В МАРИИНСКОМ – БЕЛОРУССКАЯ «ДИАСПОРА»
– В Мариинском театре вы не одна из Беларуси?
– Сегодня в нашей труппе поют и Алеша Тановицкий, и Владислав Сулимский. Оба родом из Беларуси, выпускники санк-петербургской консерватории. Когда я только появилась в театре, там работал, он и сейчас работает, виолончелист из нашей филармонии. В Мариинском есть такой длинный коридор, мы его называем метро. Когда мы с ним по этому коридору шли с разных сторон, обязательно обменивались возгласами «Жыве Беларусь!» – «Жыве!» На нас все оглядывались…
– А как вам условия, в которых работает сейчас белорусская опера? (на время ремонта оперного театра труппа показывает спектакли на сцене Дома офицеров – прим. авт).

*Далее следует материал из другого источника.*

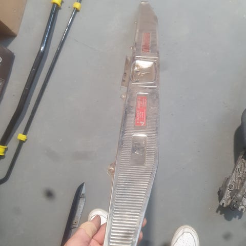 Alkuperäiset muovihelmat farmariin. Ei halkeamia. Toisesta puuttuu kumilärpäke.

– Это катастрофа. Обидно, что единственный оперный театр в стране существует в таких условиях. Мне жалко певцов, которые так работают. А ведь голоса есть прекрасные! Но театру надо помогать. На Украине пять оперных театров. А у нас один. Надеюсь, что когда театр откроется после реконструкции, он получит то, чего достоин.
Надежды Белохвостик, "Комсомольская правда"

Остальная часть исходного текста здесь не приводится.